No Brasil também se afirma que “a noção de culpa é normativa” e que, “não havendo normas legais ou regulamentares específicas, o conteúdo do dever objetivo de cuidado só pode ser determinado por intermédio de um princípio metodológico – comparação do fato concreto com o comportamento que teria adotado, no lugar do agente, um homem comum, capaz e prudente”.[13] Ora, a adoção desse conceito normativo da culpa exclui a pretensa incompatibilidade entre essa noção e o mencionado critério objetivo-finalístico do abuso de direito. Aliás, o próprio Josserand, ferrenho defensor do critério funcional ou finalístico[14], jamais negou que o abuso fosse uma aplicação concreta da ideia de culpa no exercício de certos direitos[15].

É claro que a adoção de um conceito objetivo de culpa dificulta a distinção deste elemento em relação à ilicitude ou à antijuridicidade. Talvez essa oposição sequer seja necessária para o Direito Civil, mas é uma questão irrelevante para a conclusão deste breve artigo: o Enunciado 37 da 1a Jornada de Direito Civil deve ser repensado.[16] Em sua atual redação, o verbete prejudica a compreensão das questões práticas enfrentadas pelos tribunais. Além disso, ele é desnecessário nos casos em que é invocado, seja porque já existe um fundamento jurídico para uma responsabilidade objetiva, como ocorre, por exemplo, nos casos envolvendo planos de saúde, citados acima, nos quais se aplicam as regras do CDC, seja porque a culpa ou o dolo são patentes, como, por exemplo, no caso do corte unilateral de fornecimento de água e no da impugnação da candidatura com provas forjadas, decididos pelo TJ-RS.
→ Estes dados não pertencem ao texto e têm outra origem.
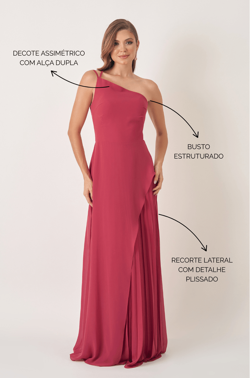 Se você ama um clássico com aquela pitada de modernidade, esse vestido longo em chiffon é a escolha certa! O decote assimétrico com alça dupla destaca os ombros e o colo com muita sofisticação, dando um charme extra ao visual.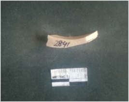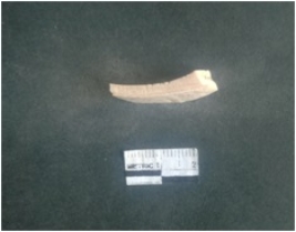 | Description / विवरण | The shell circlet fragment has angular edges and incomplete finish. The pieces pale white in color, and has rectangular cross section. The outer faces are rough while the inside edge has natural polish. |

* Esta coluna é produzida pelos membros e convidados da Rede de Pesquisa de Direito Civil Contemporâneo (USP, Humboldt-Berlim, Coimbra, Lisboa, Porto, Girona, UFMG, UFPR, UFRGS, UFPE, UFF, UFC, UFBA e UFMT).

[1] FARIAS, Cristiano Chaves de; ROSENVALD, Nelson. Curso de direito civil: parte geral e LINDB, 13 ed. São Paulo: Atlas, 2015. vol. 1, p. 587.

[2] TJSP, 7a Câm. de Direito Privado, Apelação 1025050-49.2016.8.26.0002, Rel. Des. Rômolo Russo, j. em 10/05/2017, v.u.; Apelação nº 1000669-23.2014.8.26.0462, Rel. Des. Rômolo Russo, j. em 04/05/2017, v.u.; dentre outros.

[3] TJSP, 13a Câm. de Direito Privado, Apelação 0001932-06.2010.8.26.0444, Rel. Des. Ana de Lourdes Coutinho Silva da Fonseca, j. em 09/03/2014, v.u.

[4] TJSP, 35a Câm. de Direito Privado, Apelação 0221569-30.2010.8.26.0000, Rel. Des. José Malerbi, j. em 18/03/2013.

[5] TJRS, 9a Câm. de Direito Civil, Apelação Cível 0180860-35.2013.8.21.7000, Des. Miguel Ângelo da Silva, j. em 25/09/2013.

[6] TJRS, 9a Câm. Cível, Apelação Cível 0192035-26.2013.8.21.7000, Des. Miguel Ângelo da Silva, j. em 24/06/2014, v.u.

[7] FRADERA, Véra Jacob de. L’influence de la doctrine française dans l’actuel code civil brésilien. In Mélanges Camille Joffret-Spinosi. Paris: Dalloz, 2014, p. 664.

[8] BITENCOURT, Cezar Roberto. Tratado de direito penal: parte geral, 23 ed. São Paulo: Saraiva, 2017. v. 1, p. 453. Itálico no original.

[9] Ibidem, p. 464.

[10] ALVIM, Agostinho. Culpa e risco, 2 ed. rev. e atual. por Ovídio Rocha Barros Sandoval. São Paulo: Revista dos Tribunais, 1998, p. 108-109. Itálico no original.

[11] VINEY, Geneviève; JOURDAIN, Patrice; CARVAL, Suzanne. Les conditions de la responsabilité, 4 ed. Paris: LGDJ, 2013, p. 445 (= n. 443)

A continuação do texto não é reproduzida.